Now, though, I can move to virtual 3 dimensions, as though I can shrink myself, step into the map, and see things. Sicker still, I always start or end up at the same place: Woodstock, Illinois, where all things must have started for me, and where I'd probably be happy when things end. With Google Earth, I have found this--my boyhood home (at least, if my boyhood is bracketed by age 5 on one end and 13 on the other).
My bedroom was on the second floor, the second window from the right. Kinda spooky, looking at it now I hope whatever who kids spent time in that room have enjoyed it as much as I did.
What I remember...
- The garage being added.
- Before the garage was added, happening upon my mother and a neighbor kid's mom sitting on the side of the house. My mom smoked a cigarette as the other woman cried and I quickly changed direction.
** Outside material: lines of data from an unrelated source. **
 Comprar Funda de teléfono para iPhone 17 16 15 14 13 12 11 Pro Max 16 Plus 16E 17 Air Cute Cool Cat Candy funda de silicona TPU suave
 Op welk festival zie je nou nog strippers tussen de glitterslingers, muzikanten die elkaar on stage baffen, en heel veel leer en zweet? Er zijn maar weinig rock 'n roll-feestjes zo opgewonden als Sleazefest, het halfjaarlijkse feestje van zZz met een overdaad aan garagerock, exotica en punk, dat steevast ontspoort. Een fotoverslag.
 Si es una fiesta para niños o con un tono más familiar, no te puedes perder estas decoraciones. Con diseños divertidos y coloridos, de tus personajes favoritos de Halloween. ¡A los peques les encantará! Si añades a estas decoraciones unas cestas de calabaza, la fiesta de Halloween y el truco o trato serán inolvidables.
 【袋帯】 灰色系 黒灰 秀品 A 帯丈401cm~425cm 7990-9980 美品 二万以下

- Shoveling snow off the sidewalk and driveway.
- The metal milk-box on the porch, and how in winter sometimes the milk would freeze in the glass one-gallon bottles. (I fell down the steps leading to the basement once while carrying one of those bottles, and the broken glass sliced my elbow and left a scar I still carry.)
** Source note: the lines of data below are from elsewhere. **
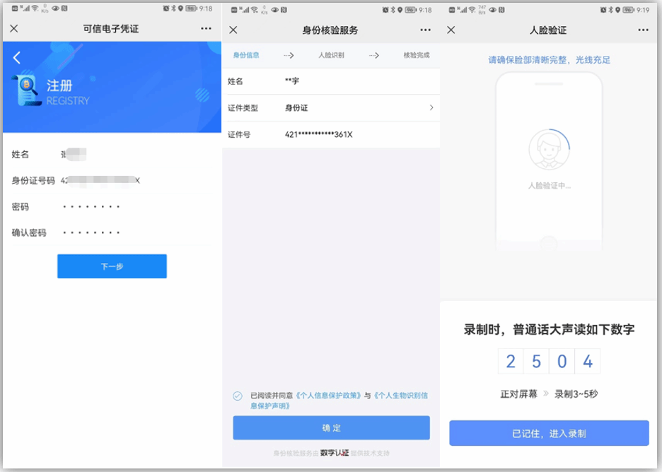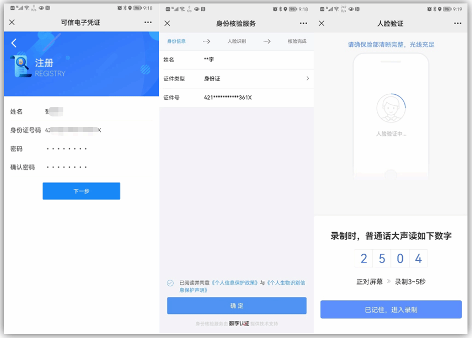 随后系统将进行身份核验,身份核验成功后,即可使用注册信息登录可信电子凭证服务平台。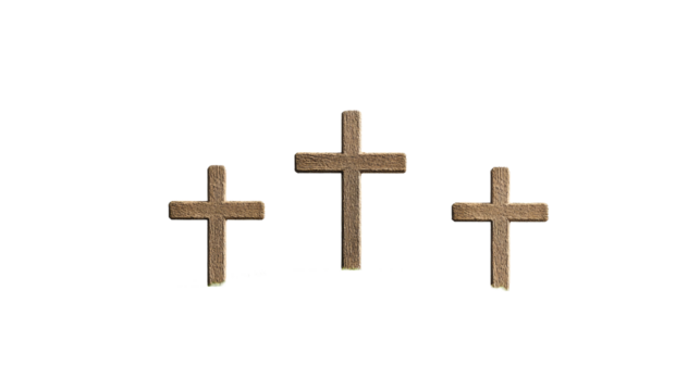 Three crosses silhouetted on a hill representing Calvary on transparent background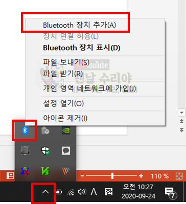 1) 먼저 윈도우 작업표시줄 우측 하단에 아래와 같은 화살표를 클릭 후, 블루투스 아이콘에 마우스를 가져간다.
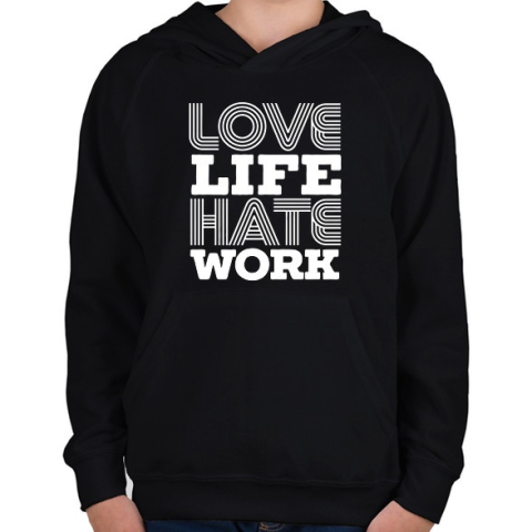 1 kép PRINTFASHION Szeretem az életem, utálom a munkám - Gyerek kapucnis pulóver - Fekete

- Watching a barn along the highway burn, and watching a house north on the highway burn.
- Dashing through the front door when I came home from school with my new trumpet, and being chastised for not using the back door. Having the trumpet saved me.
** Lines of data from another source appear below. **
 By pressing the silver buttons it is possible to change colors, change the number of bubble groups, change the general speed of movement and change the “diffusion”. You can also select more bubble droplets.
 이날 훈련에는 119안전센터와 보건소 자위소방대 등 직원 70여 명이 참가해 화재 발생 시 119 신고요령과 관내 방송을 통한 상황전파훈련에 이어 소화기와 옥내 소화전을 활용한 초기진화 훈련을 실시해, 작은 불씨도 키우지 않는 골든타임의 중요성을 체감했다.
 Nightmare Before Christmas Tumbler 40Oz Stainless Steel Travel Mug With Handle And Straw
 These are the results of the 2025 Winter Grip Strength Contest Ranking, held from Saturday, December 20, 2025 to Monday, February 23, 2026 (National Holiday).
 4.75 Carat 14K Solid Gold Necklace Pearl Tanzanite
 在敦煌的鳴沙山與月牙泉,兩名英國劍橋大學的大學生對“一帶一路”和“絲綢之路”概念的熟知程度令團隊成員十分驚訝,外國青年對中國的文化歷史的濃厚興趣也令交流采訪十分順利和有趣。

- Getting the crap beat out of me in the back yard by a couple of neighborhood bullies (probably deserved it).
- Watching through the bedroom window at the storms rolling in.
- Opening the window at night so our dog and I could fill our respective noses with cool air. This was probably when insomnia started.
- Looking out that bedroom window on a winter morning and finding that a foot of snow had fallen announced.
- Helping my father take down/put up storm windows.
- Sharing a room with my youngest sister when she was first born. She turned out to be a wonderful human being and sister, probably because my parents got her out of there as soon as they could.
- The last morning I lived there--a cold, overcast January day.
- Summer nights running barefoot around the neighborhood, and fireflies.
- Sleeping in a canvas tent in the backyard.